Why I'm an Ally

Anonymous

June is Pride Month, a month so dedicated in honor of the now 50th anniversary of the Stonewall Riots of 1969 in which the LGBTQI+ Community fought against police and others who were constantly raiding and shutting their establishments down and frequently arresting, and worse, people of their community. The word Pride is used to shake off the stigma that one should be ashamed in any way of their sexuality.

Myself, I'm an ally, a friend, and supporter of those of the LGBTQI+ community. I have family, friends, and co-workers who all belong to the greater community and I have chosen support them and more accurately, just be a friend.

Why am I an ally?

1. The world said so

Why I'm an Ally

Religion says to love thy neighbor. There are no stipulations put on who that neighbor is or has to be. Grade school taught me to treat others the way I'd like to be treated. My parents taught me to respect other people. We have laws on the books that protect citizens from hate crimes. The world says to treat people like people and yet some choose not to do the very thing they tell and demand others to do and expect that only they should be treated with any decency. One does not have to agree with someone's so called "lifestyle" in order to treat them with respect. You can disagree with someone all day, every day or how they live their life and still not actively choose to disrespect them by bullying them or committing violence toward them.

2. I don't have or want to make time to hate

Why I'm an Ally

Do you know how much extra time and effort is required to hate someone? I'd have to wake up, go down to some store, buy some signs, come up with some hatred slogans, go out and stand in the heat or the cold and yell at people I don't even know about something they've not done to me. Either that or spend hours as a keyboard warrior apparently blogging to people who most definitely aren't reading what I'm writing. I work A LOT so to then spend what little extra time I have on useless hatred that isn't going to make anyone less gay who already is seems like a complete waste. On my death bed, I don't want to be remembered as a homophobe. Who's life goal should that be really? There is no group that has done nothing to me or mine that I care enough about to take away from my time spent with friends and family to do all that.
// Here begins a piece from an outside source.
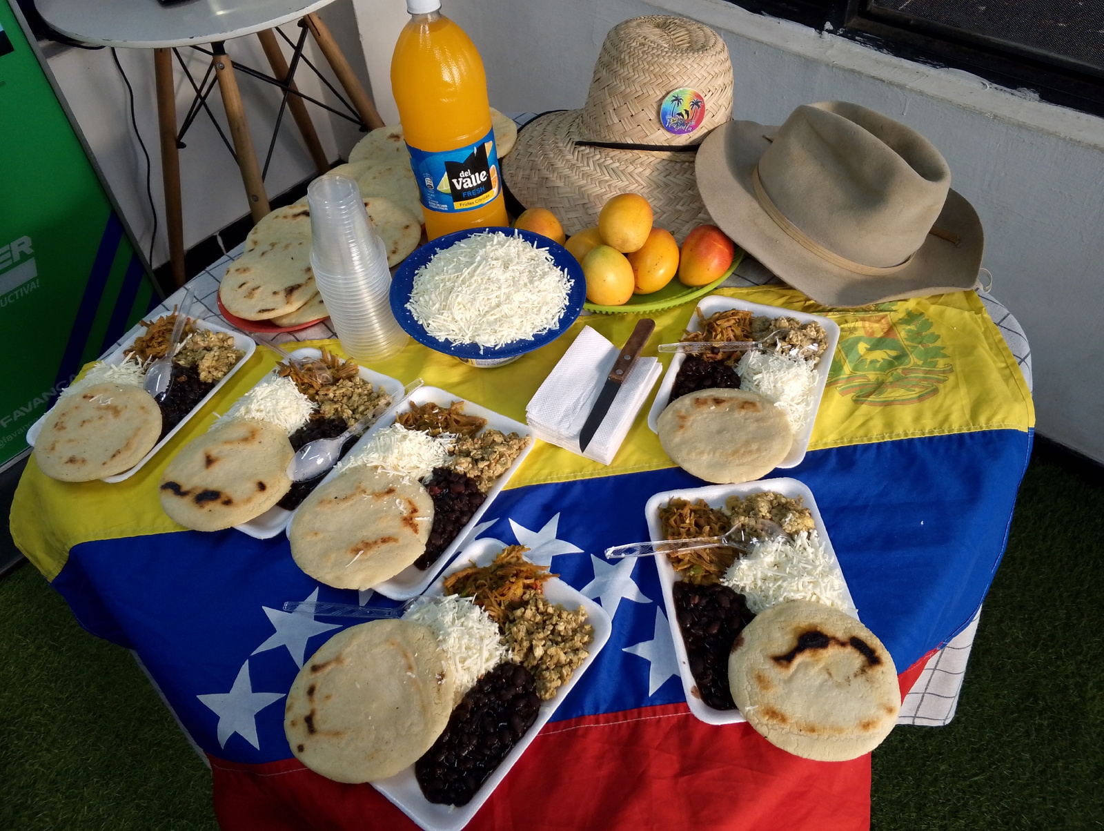 The image depicts a table laden with food items associated with Venezuelan cuisine, set against the backdrop of the Venezuelan flag. Several plates contain arepas, filled with black beans, shredded ch…read more

3. I know what it's like to be bullied

Why I'm an Ally

I was bullied as a teen and it made every day of my life practically unbearable. If it weren't for the few good friends I had in my life at the time, things could have taken a horrible turn. For some in the community, it's that one friend or family member or their new created family that is all they have and are the only people who love them and keep them going. The world can be filled with people who refuse to let you live and be who you are. I'm lucky that my torment ended when I left middle school, but for others, to have to carry that burden around their whole life for being what they are that they can't change, can be extremely rough. Many have chosen to end their lives to end that pain. I want to be a reason for someone to keep going as opposed to the reason they see no reason to if it comes down to that.

4. Understanding unconditional love

Why I'm an Ally

In the early 90's, my cousin died due to complications with AIDS. Believe it or not, he was one of the lucky ones to not have to die alone, shoved aside in some quarantined hospital ward or disavowed by his family. I have a lot of family members who are deeply religious and go to churches or went to churches who spoke of gay people as being evil or deserving of such a fate---those same family members, however they felt inside, came when he called on his death bed. They surrounded him with love, reminded him of happier times, held him as he wept, and fought for his partner to be able to be by his side at his funeral at a church where they had to lie and say his partner was a friend and that he died of pneumonia because their family church would not burry anyone with AIDS in their cemetery. So many died with no one to care for them and people and family treating them like nothing. You don't go through something like that and see how others are badly treated, or how a church could turn away a grieving loved one, let alone the dead, and come out of it thinking that that's okay or the right thing to do.

5. We're not yet all free

Why I'm an Ally

If you want to speak of privilege, here we are. In a world where everyone is scrambling to get something and somewhere in this life, I don't feel like its okay that only a certain subset of people should have the right to personal protection from discrimination or abuse. I'm a citizen of this world---we all are---- and I shouldn't just fight for five seconds for only what I need and want, and allow others to be trampled and forgotten in the process. My friends stand besides me when I'm hurting or need help or need defending no matter who they are or what they represent, and to then go and turn my back on them is not what I call the definition of being a friend or a humane person. We're not yet free until we all have the freedom to be treated as human beings and under the law, as just people who love, hurt, have families, get married, have children, and want many of the same things out of life.

This is a part of my story. We're all different. I hope if you're not already, that maybe you too could become an ally. If not, if you feel like you can never in your life approve of the LGBTQI+ community, I obviously cannot force you to love or like someone and treat them as you would a friend, however, going back to the respect thing---you can disagree with someone and still treat them with respect. You make the choice to treat others the way you do and that has nothing to do with what others have done to you if they've never actually done or said anything to you in a hurtful or disrespectful manner.